You are viewing a plain text version of this content. The canonical link for it is here.
Posted to user@uima.apache.org by Olivier Terrier <ol...@temis.com> on 2008/07/21 16:34:21 UTC

UIMA chunking

Hi all,
Sometimes we are facing the problem of processing collection of "big" documents.
This may leads to an instability of the processing chain: out-of-memory errors, timeouts etc...
Moreover this it not very efficient in terms of load balancing (we use CPEs with analysis engines deployed as Vinci remote services on several machines).
We would like to solve this problem implementing a kind of UIMA document chunking where
big documents would be splitted into reasonable chunks (according to a given block size for example) at the beginning of the processing chain and merged back into one CAS at the end.
According to us, the splitting phase is quite straightforward : a CAS multiplier
splits the input document into N text blocks and produce N CASes.
Chunking informations like:
- document identifier
- current part number
- total part number
- text offset
Are stored in the CAS.
The merging phase is much more complicated : a CAS consumer is responsible for intercepting each "part" and store it somewhere (in memory or serialized on the filesystem), when the last part of the document comes in, all the annotation of the CAS parts are merged back taking into account the offset.
As we use a CPE, the merger CAS consumer can't "produce" a new CAS. What we have in mind is to create a new Sofa "fullDocumentView" in the last CAS "part" to store the text of the full document along with its associated annotations.
Another idea is to use sofa mappings to leave unchanged our existing CAS consumers (that are sofa-unaware) that come after the merger in the CPE flow.
      CPE flow:
      
    CAS SPLITTER
_InitialView: text part_i
fullDocumentView: empty
          |
         AE1  
_InitialView: text part_i + annotations AE1
fullDocumentView: empty
          |
        ...
          |
         AEn
_InitialView: text partN + annotations AE1+...+AEn
fullDocumentView: empty
          |
     CAS MERGER
_InitialView: text part_i + annotations AE1+...+AEn
fullDocumentView: if not last part = empty
                  if last part = text + annotations merged part1+...+partN
          |
      CONSUMER (sofa-unaware)
MAPPING cpe sofa : fullDocumentView => component sofa : _InitialView
_InitialView: text + annotations merged part1+...+partN

The tricky operations are:
- caching/storing the CAS 'parts' in the merger: how (XCAS, XMI, etc..) ? where (memory, disk, ...)?
- the merging of CAS 'parts' annotation into the full document CAS.
- error management: what append in case of errors on some parts?
We would like to share the thoughts/opinions of the UIMA community regarding this problem and the possible solutions.
Do you think our approach is the good one?
Does anybody has already faced a similar problem?
As far as possible we don't want to reinvent the wheele and give priority to a generic and ideally a UIMA-builtin implementation.
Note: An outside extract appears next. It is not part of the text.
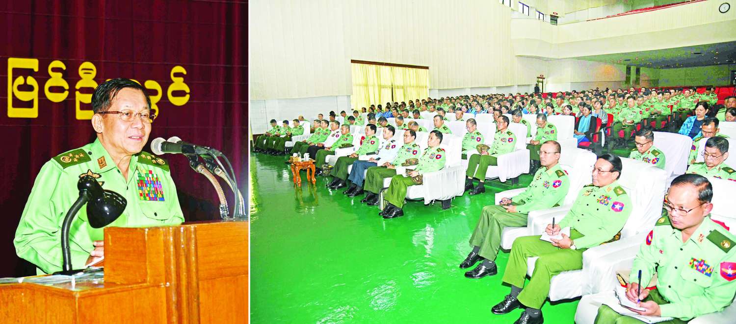 လေ့ကျင့်ရေးပိုင်းတွင် သေချာစွာ ဆောင်ရွက်ပေးရန်လိုကြောင်း၊ လေ့ကျင့်ရေးပိုင်းဆိုင်ရာများကို စနစ်တကျလေ့ကျင့်ပေးမှသာ စစ်မြေပြင်တွင် လုပ်ငန်းတာဝန်များကို ကျေပွန်စွာ ထမ်းဆောင်နိုင်မည်ဖြစ်ကြောင်း၊ အားကစားပြိုင်ပွဲများ ကျင်းပရာတွင် စဉ်းစားဉာဏ်ဖြင့် ခွန်အားစိုက်ထုတ်၍ စနစ်တကျဆောင်ရွက်တတ်သည့် အကျင့်ကောင်းများရရှိအောင် လေ့ကျင့်ပေးရမည်ဖြစ်ကြောင်း၊ စစ်ခေါင်းဆောင်များသည် စဉ်းစားဆင်ခြင်တုံတရားနှင့် သတ္တိရှိရှိဖြင့် ဆောင်ရွက်နိုင်ရေး စစ်တက္ကသိုလ်မှ မွေးထုတ်ပေးနေခြင်းဖြစ်ကြောင်း၊ ထို့ကြောင့်လေ့ကျင့် ခြင်းများ ဆောင်ရွက်ပေးရာတွင် သင်တန်းသားများအား အဆိုပါစိတ်ဓာတ်များ အခြေခံမှစတင်၍ မွေးမြူပေးနိုင်ရေး လေ့ကျင့်ပေးသွားရန်လိုကြောင်း၊ လေ့ကျင့်သားပြည့်ဝစွာဖြင့် လေ့ကျင့်ဆောင်ရွက်ပေးခြင်းဖြင့် တပ်မတော်အတွက် အားထားရသည့် စစ်ဘက်ခေါင်းဆောင်များကို မွေးထုတ်ပေးနိုင်မည်ဖြစ်သဖြင့် လက်ရုံးရည်၊ နှလုံးရည်နှင့် စဉ်းစားဆုံးဖြတ်နိုင်သည့် ခေါင်းဆောင်များ မွေးထုတ်ပေးနိုင်ရေးစနစ်တကျဖြင့် အလေးထားလေ့ကျင့် ဆောင်ရွက်ပေးသွားရန်လိုကြောင်း မှာကြားခဲ့ကြောင်း သတင်းရရှိသည်။

We are of course ready to contribute to this development if the community find a generic solution.
Regards
Olivier Terrier - TEMIS 

Re: UIMA chunking

Posted by Burn Lewis <bu...@gmail.com>.
One approach is to use another CAS Multiplier for the merge ... it would
take in the N chunks and produce an output CAS only when the N-th has been
processed.  Any later processing would be independent of the chunking that
preceded it.  This merging CM could also handle any out-of-order segments
that can occur if you scale out your annotators.  The CasCopier class makes
it relatively easy to copy all FeatureStructures and update their offsets as
necessary.

Burn.